There are good chapters in this book ; for example, an account of an ascent of the Grand Combin in bad weather, and a review of Frank Smythe's book on Whymper' in the course of which Mr. Lunn presents a penetrating study of that unattractive yet fascinating character: " Whymper used to lecture for me," said Mr. Lunn's father. "He was quite a success with the French Church Touring Guild. Of course, he wasn't always at his best, and on one occasion he was very definitely at his worst." But here the reviewer is falling into a trap. Mr. Lunn's asides and incidental anecdotes are entertaining and provocative, and often they turn attention away from the more solid merits of his writing : his common sense, his realism, his recognition of the nature and limitations of his own enthusiasms.
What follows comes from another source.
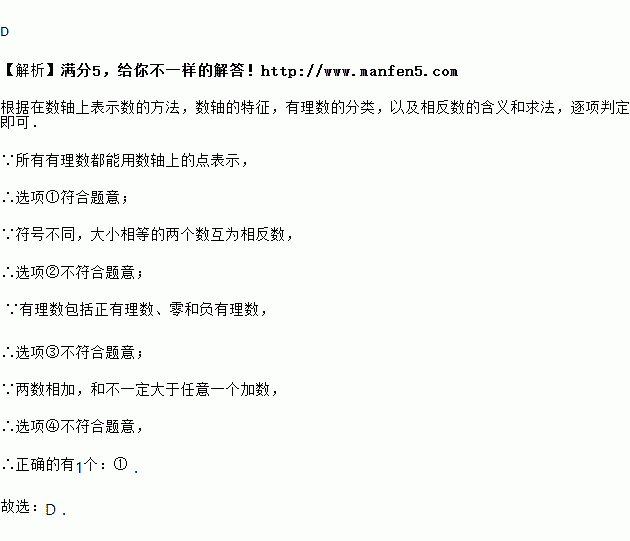 下列说法:①所有有理数都能用数轴上的点表示;②符号不同的两个数互为相反数;③有理数包括正数、零和负数;④两数相加,和一定大于任意一个加数,其中正确的有( )

And Mr. Lunn is right in claiming that in one way his book is likely to be unique: it expresses the nostalgia, the queer sense of isolation which all of us' who love Europe have felt in these past four years. Even when Mr. Lunn writes of the Andes (and he gives us some very vivid and attractive descriptions of their scenery) he thinks in terms of Grindelwald and Murren, and more than half the illustrations (which are excellent) are Alpine.
But nevertheless it is the incidental dicta that are likely to stick in one's memory : "An author who hopes for a reading public which will study every word he writes with the utmost solicitude might do worse than specialise in the writing of Climbers' Guides," or the Spanish priest in Peru who said: "I can shut my eyes and think of a bridge five times bigger than Brooklyn, but I cannot shut my eyes and think of a painting five times more beautiful than a masterpiece by Velasquez or Murillo." Or the description of the
moment, coming down the Grand Combin in a snowstorm, when, through persistence and good Judgement, the party strikes exactly the right point : "There is a world of difference between faith and sight. Heaven, I suspect, is full of newcomers delightedly prodding the cherubim in the ribs and of Popes murmuring with happy
surprise, 'I .always said I was infallible?" MICHAEL ROBERTS.